2015年05月11日

イベント報告:文学茶話会「子ども⇔大人のこんにちは児童文学」

4月26日(日)に、千葉県柏市の児童書と絵本の専門店ハックルベリーブックスさんにて、文学茶話会「子ども⇔大人のこんにちは児童文学」のイベントが開催され、パネルトークに参加してきました。

イベントの趣旨は、以下のようなものでした。

(1)まず前半に、とある4冊の児童文学、ヤングアダルト、青春文学からキーワードを引き、そのワードを元に参加者全員で物語を創作し、出来た作品を発表、物語をつくる楽しみを感じようというワークショップを行いました。
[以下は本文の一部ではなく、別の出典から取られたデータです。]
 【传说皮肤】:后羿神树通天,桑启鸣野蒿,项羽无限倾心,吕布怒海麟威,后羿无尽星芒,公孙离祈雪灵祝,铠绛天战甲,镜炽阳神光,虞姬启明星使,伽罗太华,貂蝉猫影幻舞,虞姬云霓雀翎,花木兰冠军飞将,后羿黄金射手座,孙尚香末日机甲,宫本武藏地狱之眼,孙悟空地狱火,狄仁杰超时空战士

(2)そして後半では、参加者の中にテーマ書籍を書いた作家や、担当編集者が紛れていたことが明かされます。私も児童文学の作家として、覆面参加のような形でワークショップに加わりました。パネルトークでは他の作家や編集者、参加者のみなさんと児童文学についてさまざまと語り合い、意見交換する場を持ちました。
作家は坪田譲治賞作家の濱野京子さん、エンターテイメントなヤングアダルト作品で大活躍中のIさん、そして陣崎草子が、編集者は偕成社のSさん、講談社のKさんが前に出てお話しました。
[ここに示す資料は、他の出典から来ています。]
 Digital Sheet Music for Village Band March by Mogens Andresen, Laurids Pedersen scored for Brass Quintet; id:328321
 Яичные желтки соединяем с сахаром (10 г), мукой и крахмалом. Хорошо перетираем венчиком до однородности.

◆今回、テーマ本としてあげられたのは、以下の四冊でした。


国家間の戦争による人々の痛みを、姿を消した「舞姫」と中立国にある戦災孤児を集めた学舎の少年少女の歩みを追うことで描く異世界ファンタジー。


一九六〇年代スペイン、戦争によって分断させられた人々の生活を背景に、一人の少年が人間や真実の裏と表を見つめ、葛藤し、成長してゆく姿を描く物語。


日本人の少年が主人公ながらシンガポールを舞台にした異色の戦争児童文学。ゴーストに接触することで多くの日本人が見過ごしてきた加害国としての歴史と出会う少年少女の物語。


友人たちと野犬捕獲阻止作戦を企図して奔走する中学生男子の物語。人間の社会に追われ、殺されようとする犬が、人間の少年に伝えることとは。


テーマ書籍はそれぞれに描き方は異なれど、戦争や、動物と人間の関係など、社会的な目線を持った物語であるという共通項から、「児童文学と社会性」というテーマを皮切りにトークが進行しました。
それぞれの作家や、本を世に送り出す編集者が、戦争や社会的な問題について書くとき、どういうスタンスを取っているか、また、どのような疑問や課題があるかといったことを聞くことができ、興味深い内容となりました。

メインテーマ以外には、以下のような話題も出ました。
・装丁の効果や、どのような装丁に惹かれて買うか。
・ヤングアダルトという名称をどう考えるか。
・児童文学の世界にはそもそも「大人の文学ではできない、新しくチャレンジングで実験的なことをしよう」という空気があった。
・絵本の作家と児童文学の作家の関係、遠さや近さについて。
・現役中高生のコミュニケーションの様態について。
・電子書籍について。
・こどもに本を読んでもらおうと思ったら、まず大人がもっと本を読めばよい。
・児童文学には大人も読まないと勿体ないような凄い作品がたくさんある。

ハックルベリーブックスさんのHPでも、レポートを掲載くださっています。
http://www.huckleberrybooks.jp/blog/archives/279.html

とても刺激的で充実した時間となりました。
ご参加くださったみなさま、ハックルベリーブックスさま、ありがとうございました。